Poor Glycemic Control Is Associated With More Rapid Kidney Function Decline After the Onset of Diabetic Kidney Disease.

Abstract

The role of glycemic control and its variability on the rate of kidney function decline after the onset of diabetic kidney disease (DKD) remains unclear. The association between baseline glycated hemoglobin (HbA1c) and rates of estimated glomerular filtration rate (eGFR) loss during follow-up was examined by mixed-effects linear regression in 530 individuals with type 1 diabetes and early-to-moderate DKD from the Preventing Early Renal Loss (PERL) trial and 2378 individuals with type 2 diabetes and established DKD from the Action to Control Cardiovascular Risk in Diabetes (ACCORD) trial.
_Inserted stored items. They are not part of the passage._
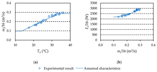 The characteristics of the ITE (servers) were determined by the least-squares method from the values measured in experiment B. The results of experiment B and the characteristics of the assumed ITE are shown in Figure 14. The ITE airflow rate shown in Figure 14a was set to the upper limit at 34 °C or higher and the lower limit at 13 °C or lower. It was determined by estimating the ITE inlet temperature (Tii) for which server-fan speed has maximum and minimum values, as shown in Section 4.2.1.
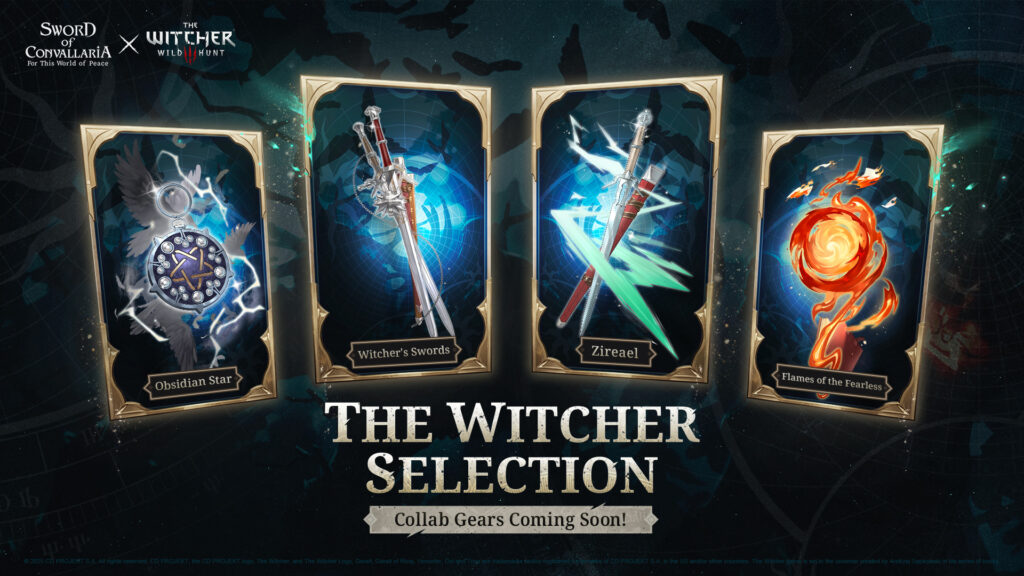 Durante o evento de colaboração, os jogadores de Sword of Convallaria também poderão obter novas armas inspiradas em The Witcher 3, como Zireael, a Obsidian Star, as Flames of the Fearless e as Witcher’s Swords, além de skins extras para Geralt, Yennefer e Triss.
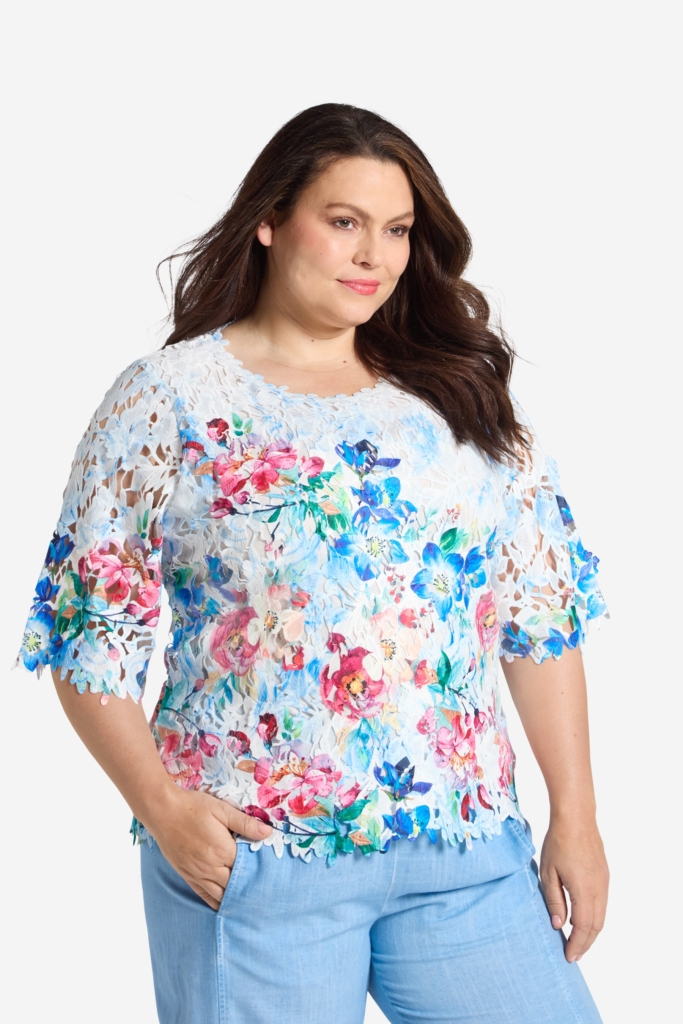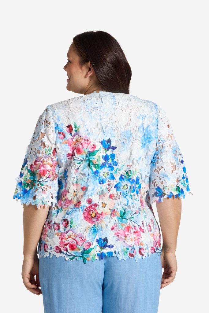 Vacker spetstopp med printade blommor på en vit botten. Rund hals med en blombård och något längre kort ärm. Toppen är fodrad fram och bak, och har ojämn nederkant på både body och ärm efter spetsens mönster. Den totala längden i storlek S är 62 cm från den högsta punkten. Modellen på bilden är 178 cm lång och bär storlek small. Våra större storlekar är normala i storleken, medan våra mindre storlekar är något mer generösa.
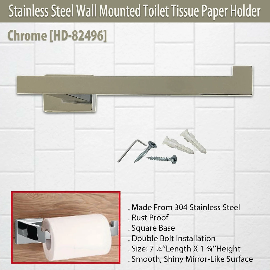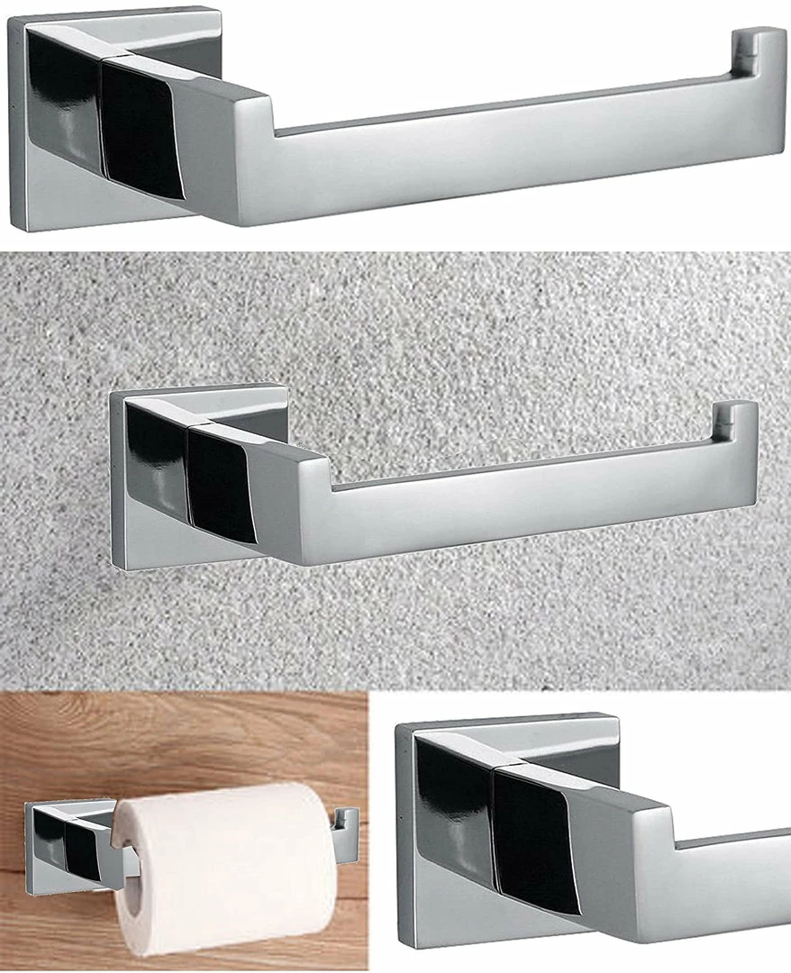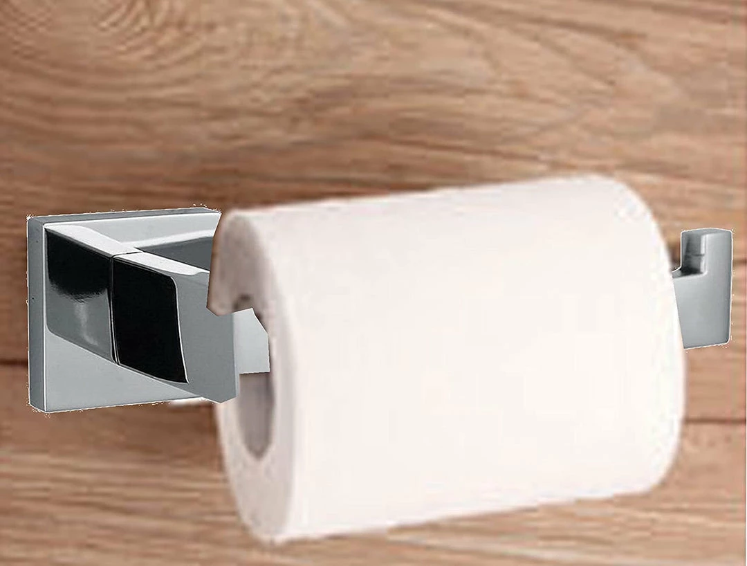 Toilet paper holder with square base and double bolt installation ensuring durability and dependability.
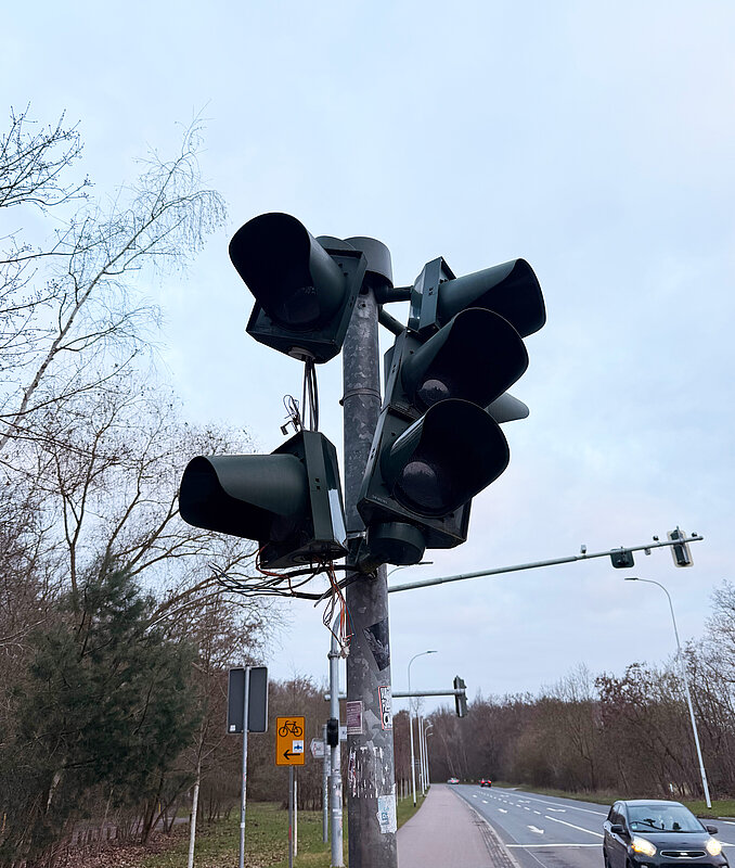Außerdem ist die Ampelanlage an der Kreuzung Paul-Suhr-Straße/Murmansker Straße nach einem Verkehrsunfall seit Samstag, 28. März 2026, nicht mehr funktionstüchtig. Ein Mast mit mitsamt seiner technischen Ausrüstung (Signalgeber, Taster) wurde bei dem Unfall zerstört.
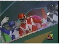 Five Rangers remain together as Power Blaster unleashes five beams of power at the screen. |
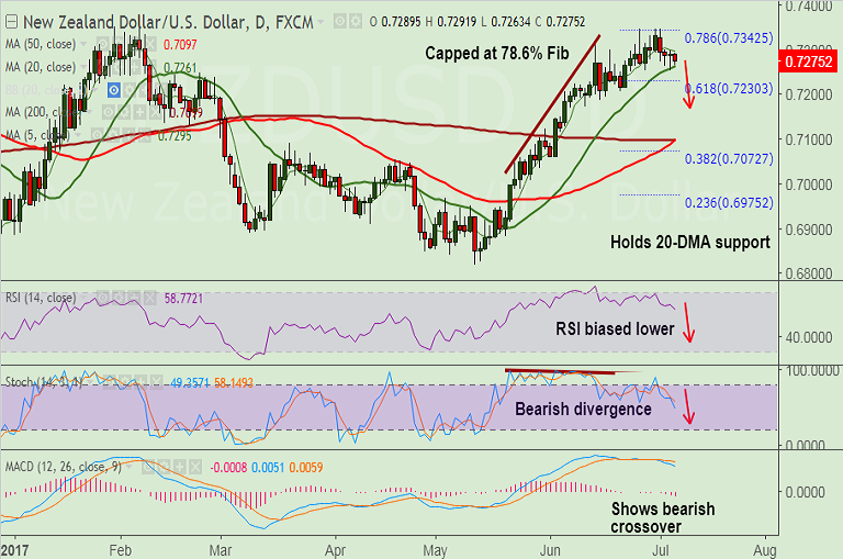 - The pair capped below 0.73 handle and 5-DMA at 0.7295 is immediate resistance on the upside.

The benefit of intensive vs standard glycemic control in slowing eGFR decline was examined in ACCORD. The associations between continuous glucose monitoring-derived short-term glycemic variability indices and rate of eGFR decline were also evaluated in PERL. A higher baseline HbA1c was associated with a more negative eGFR slope in both PERL and ACCORD (-0.87 and -0.27 mL/min/1.73 m2/year per Hba1c unit increment, P < .0001 and P = .0002, respectively). In both studies, the strength of this association progressively increased with increasing levels of albuminuria (P for interaction <.05). Consistent with this, the benefit of intensive glycemic control on eGFR decline was greater in ACCORD participants with severe rather than moderate albuminuria (+1.13 vs + 0.26 mL/min/1.73 m2/year, P = .01). No independent associations were found in PERL between short-term glycemic variability indices and rate of eGFR decline. In both type 1 and type 2 diabetes, poor glycemic control is associated with a more rapid rate of glomerular filtration rate decline after DKD onset, especially in persons with severe albuminuria.